Бог в помощь бурам! Борьба их не есть ли начало не обширной, но прекрасной истории маленькой страны, вроде Швейцарии? Напомним, что буров недостаточно покорить,- их нужно еще удержать в покорности. А, кажется, это народ не очень покорливый...
1900, февраль
Волны новой борьбы, на этот раз в Китае, заглушают последние остатки борьбы на юге Африки. Кажется, уже недолго продлится агония маленьких буров, проглатываемых "львом Британии" И, кажется, можно подвести итоги что же мы пережили здесь, на континенте, за этот истекший год в отношении к столь далеким и казалось бы вовсе ни для кого третьего не интересным событиям?
Пережили сочувствие Европы к не-Европе, временами странным образом переходившие в отвращение к себе, в неуважение к своему, сочувствие всеобщее и пламенное! На фоне огромных пространств совершившейся и умершей жизни можно лучше разглядеть и оценить факт этого года, факт, которого мы - участники. В древности был "эллинизм" Спарта, Афины, Коринф, Ахайя, эти десятки греческих городов и областей абсолютной политической между собою несвязанности и часто даже культурной противоположности, с огромным множеством далеко разбросанных колоний, имели что-то в себе, что в поздние годы истории получило название "эллинизма" дух эллинов, идеалы Эллады, смысл лучших внешних и внутренних событий, там и здесь, сейчас и давно - объединилось в этом слове. Бороться против варваров - это было эллинизмом, призвать варваров в союзники к себе против могущественного соперника, как сделала Спарта в поздние годы против Афин,- это была
измена эллинизму, захотеть над собой тирании было изменой духу Эллады и казалось варварством. Эллинизм был критериумом, эллинизм был заветом. В Европе еще гораздо мощнее был общий, единый, трудно определяемый и могущественно-действующий дух, и вот нам чудится, что в этом-то духе и просвечивает теперь какая-то начальная трещинка, какой-то раскол, "распад", который хочется рассмотреть.
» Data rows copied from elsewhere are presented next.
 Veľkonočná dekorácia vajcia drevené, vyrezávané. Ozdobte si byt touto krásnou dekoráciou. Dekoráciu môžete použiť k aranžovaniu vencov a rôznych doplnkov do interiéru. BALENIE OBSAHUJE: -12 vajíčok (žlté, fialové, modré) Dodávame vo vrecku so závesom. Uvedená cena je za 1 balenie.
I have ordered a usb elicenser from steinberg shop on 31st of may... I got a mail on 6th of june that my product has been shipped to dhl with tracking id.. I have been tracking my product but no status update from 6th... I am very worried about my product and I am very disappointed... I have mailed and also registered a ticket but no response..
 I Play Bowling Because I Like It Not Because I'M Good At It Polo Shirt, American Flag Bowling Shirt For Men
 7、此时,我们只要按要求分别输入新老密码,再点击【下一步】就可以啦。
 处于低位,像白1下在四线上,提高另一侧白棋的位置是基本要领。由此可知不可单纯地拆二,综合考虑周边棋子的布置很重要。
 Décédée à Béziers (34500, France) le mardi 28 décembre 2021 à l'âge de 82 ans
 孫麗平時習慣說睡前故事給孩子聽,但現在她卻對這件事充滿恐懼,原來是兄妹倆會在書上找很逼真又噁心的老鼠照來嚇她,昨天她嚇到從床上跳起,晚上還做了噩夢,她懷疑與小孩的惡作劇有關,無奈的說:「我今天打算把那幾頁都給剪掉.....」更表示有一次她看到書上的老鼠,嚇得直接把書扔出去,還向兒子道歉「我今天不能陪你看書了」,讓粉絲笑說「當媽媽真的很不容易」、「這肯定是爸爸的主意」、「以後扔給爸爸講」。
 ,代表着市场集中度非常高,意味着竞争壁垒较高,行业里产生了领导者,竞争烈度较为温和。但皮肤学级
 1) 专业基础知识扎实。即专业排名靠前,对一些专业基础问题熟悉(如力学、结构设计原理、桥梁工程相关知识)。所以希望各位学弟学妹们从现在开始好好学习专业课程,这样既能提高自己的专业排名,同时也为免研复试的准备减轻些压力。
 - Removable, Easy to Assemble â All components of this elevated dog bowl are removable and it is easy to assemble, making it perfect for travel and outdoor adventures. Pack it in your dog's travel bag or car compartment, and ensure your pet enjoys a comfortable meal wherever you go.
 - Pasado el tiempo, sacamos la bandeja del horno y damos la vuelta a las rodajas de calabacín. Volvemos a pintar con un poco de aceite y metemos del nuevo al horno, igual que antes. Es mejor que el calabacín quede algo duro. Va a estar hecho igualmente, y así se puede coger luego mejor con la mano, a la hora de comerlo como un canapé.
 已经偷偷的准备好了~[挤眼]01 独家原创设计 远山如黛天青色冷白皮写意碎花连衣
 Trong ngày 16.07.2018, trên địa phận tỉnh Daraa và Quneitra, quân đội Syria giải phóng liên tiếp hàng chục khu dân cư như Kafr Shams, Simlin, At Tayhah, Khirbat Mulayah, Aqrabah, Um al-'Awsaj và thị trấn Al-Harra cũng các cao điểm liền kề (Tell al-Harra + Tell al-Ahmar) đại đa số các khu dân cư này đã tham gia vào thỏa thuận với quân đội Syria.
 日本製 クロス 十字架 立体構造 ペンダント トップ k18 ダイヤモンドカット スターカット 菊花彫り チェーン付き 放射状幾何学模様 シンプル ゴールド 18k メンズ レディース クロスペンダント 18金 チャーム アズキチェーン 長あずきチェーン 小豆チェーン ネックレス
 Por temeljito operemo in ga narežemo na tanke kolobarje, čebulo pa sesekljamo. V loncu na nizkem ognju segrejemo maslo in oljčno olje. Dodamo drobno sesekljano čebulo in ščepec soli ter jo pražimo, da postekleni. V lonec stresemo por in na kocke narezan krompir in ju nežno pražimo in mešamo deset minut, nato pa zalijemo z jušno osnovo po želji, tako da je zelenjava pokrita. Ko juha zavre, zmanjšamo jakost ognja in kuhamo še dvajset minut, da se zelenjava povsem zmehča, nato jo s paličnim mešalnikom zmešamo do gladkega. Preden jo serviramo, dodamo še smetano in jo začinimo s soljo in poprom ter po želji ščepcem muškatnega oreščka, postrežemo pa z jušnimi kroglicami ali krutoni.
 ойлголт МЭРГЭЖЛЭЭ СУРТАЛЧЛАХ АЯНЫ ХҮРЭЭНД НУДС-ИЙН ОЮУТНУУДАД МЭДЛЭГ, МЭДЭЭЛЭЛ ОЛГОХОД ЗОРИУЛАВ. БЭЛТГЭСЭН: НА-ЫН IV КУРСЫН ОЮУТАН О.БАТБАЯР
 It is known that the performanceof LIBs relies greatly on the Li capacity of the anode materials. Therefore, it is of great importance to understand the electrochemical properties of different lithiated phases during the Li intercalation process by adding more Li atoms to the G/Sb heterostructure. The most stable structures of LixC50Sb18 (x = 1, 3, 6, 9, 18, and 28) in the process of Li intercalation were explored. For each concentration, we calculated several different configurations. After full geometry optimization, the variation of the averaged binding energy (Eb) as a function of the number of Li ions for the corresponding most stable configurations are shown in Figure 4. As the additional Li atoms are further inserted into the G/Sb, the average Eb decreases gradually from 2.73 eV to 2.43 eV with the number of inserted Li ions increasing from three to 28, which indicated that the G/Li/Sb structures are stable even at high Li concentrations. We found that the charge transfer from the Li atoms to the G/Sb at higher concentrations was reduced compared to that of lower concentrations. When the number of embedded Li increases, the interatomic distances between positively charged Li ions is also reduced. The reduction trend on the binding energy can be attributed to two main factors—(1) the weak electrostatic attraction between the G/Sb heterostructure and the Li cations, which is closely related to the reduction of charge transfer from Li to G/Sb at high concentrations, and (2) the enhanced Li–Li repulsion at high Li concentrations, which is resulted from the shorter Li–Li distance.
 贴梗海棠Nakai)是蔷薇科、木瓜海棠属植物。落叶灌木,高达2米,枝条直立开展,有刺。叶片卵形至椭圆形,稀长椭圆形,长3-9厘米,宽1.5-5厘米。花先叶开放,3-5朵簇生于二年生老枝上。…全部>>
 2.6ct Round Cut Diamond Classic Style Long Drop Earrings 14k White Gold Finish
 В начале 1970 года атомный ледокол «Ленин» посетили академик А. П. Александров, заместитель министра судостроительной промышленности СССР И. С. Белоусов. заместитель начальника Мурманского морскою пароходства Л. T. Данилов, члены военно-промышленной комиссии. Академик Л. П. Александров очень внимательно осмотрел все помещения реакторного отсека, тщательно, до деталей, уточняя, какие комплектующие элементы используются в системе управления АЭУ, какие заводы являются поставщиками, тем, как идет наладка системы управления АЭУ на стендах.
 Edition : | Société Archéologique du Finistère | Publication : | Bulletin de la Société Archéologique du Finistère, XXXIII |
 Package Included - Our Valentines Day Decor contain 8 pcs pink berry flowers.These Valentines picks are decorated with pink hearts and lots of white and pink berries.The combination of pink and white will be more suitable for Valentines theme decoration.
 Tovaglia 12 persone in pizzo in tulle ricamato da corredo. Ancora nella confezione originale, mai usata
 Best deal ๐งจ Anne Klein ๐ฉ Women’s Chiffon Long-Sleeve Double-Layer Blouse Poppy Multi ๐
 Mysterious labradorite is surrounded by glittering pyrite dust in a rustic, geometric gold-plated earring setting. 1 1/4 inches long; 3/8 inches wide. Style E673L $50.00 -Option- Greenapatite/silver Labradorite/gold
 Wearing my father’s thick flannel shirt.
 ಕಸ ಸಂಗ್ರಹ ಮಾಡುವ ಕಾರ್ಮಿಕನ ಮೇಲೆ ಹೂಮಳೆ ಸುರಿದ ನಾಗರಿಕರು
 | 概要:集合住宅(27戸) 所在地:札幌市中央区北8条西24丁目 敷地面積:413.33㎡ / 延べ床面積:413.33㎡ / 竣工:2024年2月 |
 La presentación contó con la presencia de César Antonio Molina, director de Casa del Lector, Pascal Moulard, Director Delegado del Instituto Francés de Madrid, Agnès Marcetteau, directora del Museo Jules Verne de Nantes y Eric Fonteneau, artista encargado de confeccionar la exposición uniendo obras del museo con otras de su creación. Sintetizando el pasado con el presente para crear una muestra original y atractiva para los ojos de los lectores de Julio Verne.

Без всякого соглашения, но с явным энтузиазмом все презирали Англию в Трансваальской войне. Вспыхнула борьба в Китае и уже в Европе раздались резкие укоры по адресу своих "дельцов", коммерческих и всяких других, слишком свободно там хозяйничавших. Речь Салис-бюри о миссионерах, которые шли как апостолы христианства, а при первой неприятности бегут в консульства и требуют вооруженной помощи, поразительна по смыслу и останется долгим впечатлением в Европе. Во всяком случае, укоры и перекоры, как в отношении Трансвааля, так и Китая, что-то в круге совести, что-то в отношении общеевропейского духа. В сущности, события здесь и там пока маленькие, это не то, что огромная европейская война с двигающимися миллионными армиями. Но огромное чуткое внимание решительно всей цивилизации, всего цивилизованного в Европе и Америке, вспыхнуло моментальным умственным пламенем к небольшим событиям. Боролась Пруссия с Австрией - это было местное явление, борьба двух и только двух, без интереса для кого-либо. События в Трансваале, напротив, при всей их миниатюрности, сразу же поняты были как общецивилизационные события и приковали к себе неслыханный интерес всех и каждого. Так внимали только февральским дням в Париже, мартовским - в Берлине. Африка, Восточная Азия, как они обе перенеслись на истомленные стогна европейских городов, и стали как бы внутренними фактами европейской жизни. Люди, встречаясь, поздравляли друг друга с победой буров; лица всех делались грустны, значит - победа переходила на сторону Англии. И это в Петербурге и Нью-Йорке, без возражений с какой-либо стороны, в удивительном согласии, с поразительным энтузиазмом.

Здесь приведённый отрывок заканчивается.